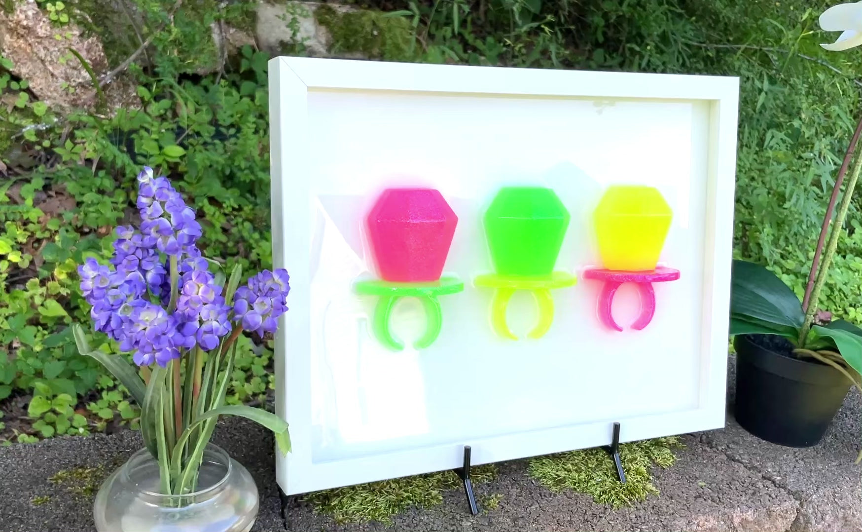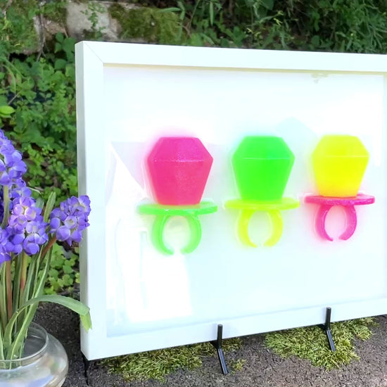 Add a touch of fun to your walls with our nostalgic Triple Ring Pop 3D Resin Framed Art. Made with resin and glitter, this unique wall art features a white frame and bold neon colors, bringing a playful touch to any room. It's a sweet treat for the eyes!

- - - - -

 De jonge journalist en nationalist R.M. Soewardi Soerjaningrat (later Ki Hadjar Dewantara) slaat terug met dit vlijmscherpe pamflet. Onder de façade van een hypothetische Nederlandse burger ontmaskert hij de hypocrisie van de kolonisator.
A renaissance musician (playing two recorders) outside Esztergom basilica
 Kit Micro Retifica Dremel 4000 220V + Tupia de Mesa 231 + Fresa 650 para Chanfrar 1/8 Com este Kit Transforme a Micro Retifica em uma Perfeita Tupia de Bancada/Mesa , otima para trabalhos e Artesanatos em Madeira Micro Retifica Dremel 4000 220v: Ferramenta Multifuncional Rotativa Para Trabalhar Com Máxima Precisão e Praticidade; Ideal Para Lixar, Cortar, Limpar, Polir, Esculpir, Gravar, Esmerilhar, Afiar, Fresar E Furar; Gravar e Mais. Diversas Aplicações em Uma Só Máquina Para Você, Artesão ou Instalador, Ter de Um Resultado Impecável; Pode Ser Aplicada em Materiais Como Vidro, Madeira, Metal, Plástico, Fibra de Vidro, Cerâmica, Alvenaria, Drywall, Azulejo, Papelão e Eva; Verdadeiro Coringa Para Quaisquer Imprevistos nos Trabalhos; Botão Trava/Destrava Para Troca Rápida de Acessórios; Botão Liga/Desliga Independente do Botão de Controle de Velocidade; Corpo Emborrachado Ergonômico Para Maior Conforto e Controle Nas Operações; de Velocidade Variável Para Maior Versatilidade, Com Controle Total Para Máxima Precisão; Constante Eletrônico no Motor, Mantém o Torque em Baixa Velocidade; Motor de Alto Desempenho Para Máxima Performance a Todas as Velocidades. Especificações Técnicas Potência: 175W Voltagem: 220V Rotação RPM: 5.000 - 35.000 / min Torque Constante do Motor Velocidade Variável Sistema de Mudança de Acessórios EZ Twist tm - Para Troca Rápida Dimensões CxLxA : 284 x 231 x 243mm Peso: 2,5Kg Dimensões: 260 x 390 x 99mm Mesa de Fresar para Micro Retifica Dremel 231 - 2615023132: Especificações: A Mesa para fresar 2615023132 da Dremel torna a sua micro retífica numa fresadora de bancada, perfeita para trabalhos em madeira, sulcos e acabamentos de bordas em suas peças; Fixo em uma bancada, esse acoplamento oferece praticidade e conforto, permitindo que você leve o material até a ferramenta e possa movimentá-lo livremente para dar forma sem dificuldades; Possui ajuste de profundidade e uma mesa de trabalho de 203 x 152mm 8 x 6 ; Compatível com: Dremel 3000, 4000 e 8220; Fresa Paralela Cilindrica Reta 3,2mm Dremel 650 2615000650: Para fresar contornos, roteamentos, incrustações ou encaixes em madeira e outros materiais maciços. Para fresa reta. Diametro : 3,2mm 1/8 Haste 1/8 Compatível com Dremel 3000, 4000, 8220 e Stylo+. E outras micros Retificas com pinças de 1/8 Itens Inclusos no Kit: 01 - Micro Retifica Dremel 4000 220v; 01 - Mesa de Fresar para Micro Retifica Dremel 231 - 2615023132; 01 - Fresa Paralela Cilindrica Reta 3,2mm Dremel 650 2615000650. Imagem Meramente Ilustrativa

- - - - -

Task to complete:
Look above for the line containing "De jonge journalist" and the line containing "A renaissance musician". Transcribe both, with the lines between them, exactly.

Exercise response:
 De jonge journalist en nationalist R.M. Soewardi Soerjaningrat (later Ki Hadjar Dewantara) slaat terug met dit vlijmscherpe pamflet. Onder de façade van een hypothetische Nederlandse burger ontmaskert hij de hypocrisie van de kolonisator.
A renaissance musician (playing two recorders) outside Esztergom basilica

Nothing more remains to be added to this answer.